Multi threaded processing, call for help


#1

Hi
I have been trying to improve performance by rendering my audio processors using multiple threads but I’m running in to some issues that I hope someone with more experience can help me figure out.
Here is a simplified explanation of the setup:
I have, lets say between 4 and 64 AudioProcessors that need to have their ProcessBlock called.
When not using my “multi thread setup” I would just loop these in the AudioDevice callback and process each of them in turn.

Then I was thinking, what if I create threads (as many as cpu cores) divide the processors between them, and make them run in parallel.

The way I set it up is : “jobs” are pre-sorted to avoid conflicts/waiting, each thread loops through it’s jobs, and then goes in to wait(x)
The main call back loops all the threads and polls If they are done, and once all are done it moves on.
On the next call back it calls notify() on the threads to make them wake up again, and re run their jobs.
No critical sections are involved (from my side), just some atomics to get “job count” and “done count”
It is working fine, but when pushing down the buffer size, drop outs occur much sooner then when just running them all in a single loop in the main call back. (there is a big improvement at higher buffer sizes, so there is still something to this)

  • Are there any performance issues with wait() / notify()?

  • I see a lot of implementations will not use notify but rather just wait(1) or wait(3) and then just keep the run loop going, but that won’t work as 1 or 3 milliseconds is waaay to long to be sleeping if the buffer size is 16 / 32 / 64 etc.

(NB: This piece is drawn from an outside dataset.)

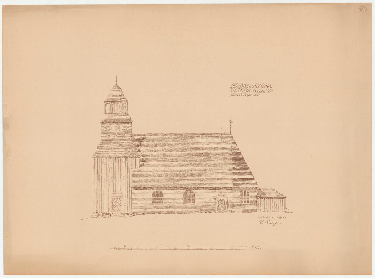 Titel: Seglora kyrka. Ursprungsplatsen i Västergötland. Fasad ritning. Södra fasaden.

  • Are there any other genius techniques I don’t know about?

I have used the PerformanceCounter at various places to see where the time is spent. And it will say something like:
Average = 90 microsecs, minimum = 31 microsecs, maximum = 4804 microsecs, total = 90
I guess it is the few times it gets to 4804 I get dropouts.

Tried also to run with only one thread in my “pool” and that seems to work just as well as just doing it in the main call back. more threads = more drop outs.

Threads are running with real-time priority of course.
Same issue on OSX and Windows
Can’t get much info out of the profilers either as these are just short spikes when the threads take too long, not really a cpu use issue.

Any ideas are VERY welcome.


#2

Thread::notify() calls WaitableEvent::signal() and Thread::wait() calls WaitableEvent::wait(). On Posix/Mac these calls are protected internally with a mutex. I wonder if the Windows equivalent SetEvent()/WaitForSingleObject() do internally…


#3

Hi Martin, thanks for looking at this.
Well I meant, I have not explicitly set up any critical sections, like to move data between my threads.
But you have a point about looking at the inner workings of these functions


#4

Well, clearly, you don’t know about the issues of multithreading. The smaller the chunk, the more overhead you have. All these notify also cost up to a few microseconds, and you may end up with the congestion you are talking about with too many threads competing for the same resources.
Unless you are developing an independent app, if it’s a plugin, don’t multi-thread, you will get dropouts because you will be competing with the DAWs threads (and perhaps other plugins that are just as not bad at it as yours).


#5

Well, this is not a plugin but a standalone app, so my threads are "the daws threads"
But you are right, there are many things I don’t know.
Would it be better to meassure the time spent in the callback, and then spin up threads once I get close to the call back interval?


#6

Low latency and parallel processing with multiple threads are just not a good combination to attempt. Perhaps make it optional for the user? (Multithreaded processing with more buffering involved or low latency mode that mostly runs using one CPU?)


#7

In that case, you may want to use a thread pool like Intel TBB, far better suited for task based parallelism than a custom thread pool if you don’t know low latency multithreading enough.